┏━━

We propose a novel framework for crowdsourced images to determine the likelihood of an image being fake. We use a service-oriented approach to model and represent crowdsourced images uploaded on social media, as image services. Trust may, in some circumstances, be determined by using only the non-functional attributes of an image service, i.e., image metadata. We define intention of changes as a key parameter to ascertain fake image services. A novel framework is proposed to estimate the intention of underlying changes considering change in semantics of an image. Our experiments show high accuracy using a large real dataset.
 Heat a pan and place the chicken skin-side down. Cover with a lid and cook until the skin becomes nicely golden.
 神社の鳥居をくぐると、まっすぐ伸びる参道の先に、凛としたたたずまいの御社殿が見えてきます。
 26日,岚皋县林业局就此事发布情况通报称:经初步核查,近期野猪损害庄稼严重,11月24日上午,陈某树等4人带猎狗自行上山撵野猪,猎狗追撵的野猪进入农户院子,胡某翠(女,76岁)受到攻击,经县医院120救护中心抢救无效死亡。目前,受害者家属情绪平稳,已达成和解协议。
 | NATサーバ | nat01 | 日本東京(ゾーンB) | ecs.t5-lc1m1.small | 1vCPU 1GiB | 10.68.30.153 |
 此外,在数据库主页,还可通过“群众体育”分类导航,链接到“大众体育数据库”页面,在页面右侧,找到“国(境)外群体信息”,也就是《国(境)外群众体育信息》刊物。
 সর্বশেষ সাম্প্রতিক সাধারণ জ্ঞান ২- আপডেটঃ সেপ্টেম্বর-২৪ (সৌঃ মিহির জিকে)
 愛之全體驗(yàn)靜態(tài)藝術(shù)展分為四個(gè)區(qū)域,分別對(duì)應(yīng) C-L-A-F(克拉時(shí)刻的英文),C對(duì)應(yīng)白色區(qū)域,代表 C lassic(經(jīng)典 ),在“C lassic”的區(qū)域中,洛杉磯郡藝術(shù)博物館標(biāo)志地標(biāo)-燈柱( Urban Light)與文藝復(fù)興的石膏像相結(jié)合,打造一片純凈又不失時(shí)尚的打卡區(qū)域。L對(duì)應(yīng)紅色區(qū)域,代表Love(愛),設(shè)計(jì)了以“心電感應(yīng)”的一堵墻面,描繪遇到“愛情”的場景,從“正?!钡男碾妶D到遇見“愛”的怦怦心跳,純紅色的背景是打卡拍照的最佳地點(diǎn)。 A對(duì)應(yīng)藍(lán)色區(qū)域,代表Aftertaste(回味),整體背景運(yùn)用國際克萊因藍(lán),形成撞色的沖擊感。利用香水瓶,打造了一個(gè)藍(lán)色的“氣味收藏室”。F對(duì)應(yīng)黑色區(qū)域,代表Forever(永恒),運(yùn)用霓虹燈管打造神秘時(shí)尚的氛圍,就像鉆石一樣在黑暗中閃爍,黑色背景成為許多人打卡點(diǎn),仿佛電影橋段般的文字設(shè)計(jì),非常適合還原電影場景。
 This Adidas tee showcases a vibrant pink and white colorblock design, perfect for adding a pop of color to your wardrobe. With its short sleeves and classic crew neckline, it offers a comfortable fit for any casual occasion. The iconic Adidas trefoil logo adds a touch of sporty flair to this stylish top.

┗━━

### Problem description
Restate the data above word for word. Leave nothing out.

### Written solution
We propose a novel framework for crowdsourced images to determine the likelihood of an image being fake. We use a service-oriented approach to model and represent crowdsourced images uploaded on social media, as image services. Trust may, in some circumstances, be determined by using only the non-functional attributes of an image service, i.e., image metadata. We define intention of changes as a key parameter to ascertain fake image services. A novel framework is proposed to estimate the intention of underlying changes considering change in semantics of an image. Our experiments show high accuracy using a large real dataset.
 Heat a pan and place the chicken skin-side down. Cover with a lid and cook until the skin becomes nicely golden.
 神社の鳥居をくぐると、まっすぐ伸びる参道の先に、凛としたたたずまいの御社殿が見えてきます。
 26日,岚皋县林业局就此事发布情况通报称:经初步核查,近期野猪损害庄稼严重,11月24日上午,陈某树等4人带猎狗自行上山撵野猪,猎狗追撵的野猪进入农户院子,胡某翠(女,76岁)受到攻击,经县医院120救护中心抢救无效死亡。目前,受害者家属情绪平稳,已达成和解协议。
 | NATサーバ | nat01 | 日本東京(ゾーンB) | ecs.t5-lc1m1.small | 1vCPU 1GiB | 10.68.30.153 |
 此外,在数据库主页,还可通过“群众体育”分类导航,链接到“大众体育数据库”页面,在页面右侧,找到“国(境)外群体信息”,也就是《国(境)外群众体育信息》刊物。
 সর্বশেষ সাম্প্রতিক সাধারণ জ্ঞান ২- আপডেটঃ সেপ্টেম্বর-২৪ (সৌঃ মিহির জিকে)
 愛之全體驗(yàn)靜態(tài)藝術(shù)展分為四個(gè)區(qū)域,分別對(duì)應(yīng) C-L-A-F(克拉時(shí)刻的英文),C對(duì)應(yīng)白色區(qū)域,代表 C lassic(經(jīng)典 ),在“C lassic”的區(qū)域中,洛杉磯郡藝術(shù)博物館標(biāo)志地標(biāo)-燈柱( Urban Light)與文藝復(fù)興的石膏像相結(jié)合,打造一片純凈又不失時(shí)尚的打卡區(qū)域。L對(duì)應(yīng)紅色區(qū)域,代表Love(愛),設(shè)計(jì)了以“心電感應(yīng)”的一堵墻面,描繪遇到“愛情”的場景,從“正?!钡男碾妶D到遇見“愛”的怦怦心跳,純紅色的背景是打卡拍照的最佳地點(diǎn)。 A對(duì)應(yīng)藍(lán)色區(qū)域,代表Aftertaste(回味),整體背景運(yùn)用國際克萊因藍(lán),形成撞色的沖擊感。利用香水瓶,打造了一個(gè)藍(lán)色的“氣味收藏室”。F對(duì)應(yīng)黑色區(qū)域,代表Forever(永恒),運(yùn)用霓虹燈管打造神秘時(shí)尚的氛圍,就像鉆石一樣在黑暗中閃爍,黑色背景成為許多人打卡點(diǎn),仿佛電影橋段般的文字設(shè)計(jì),非常適合還原電影場景。
 This Adidas tee showcases a vibrant pink and white colorblock design, perfect for adding a pop of color to your wardrobe. With its short sleeves and classic crew neckline, it offers a comfortable fit for any casual occasion. The iconic Adidas trefoil logo adds a touch of sporty flair to this stylish top.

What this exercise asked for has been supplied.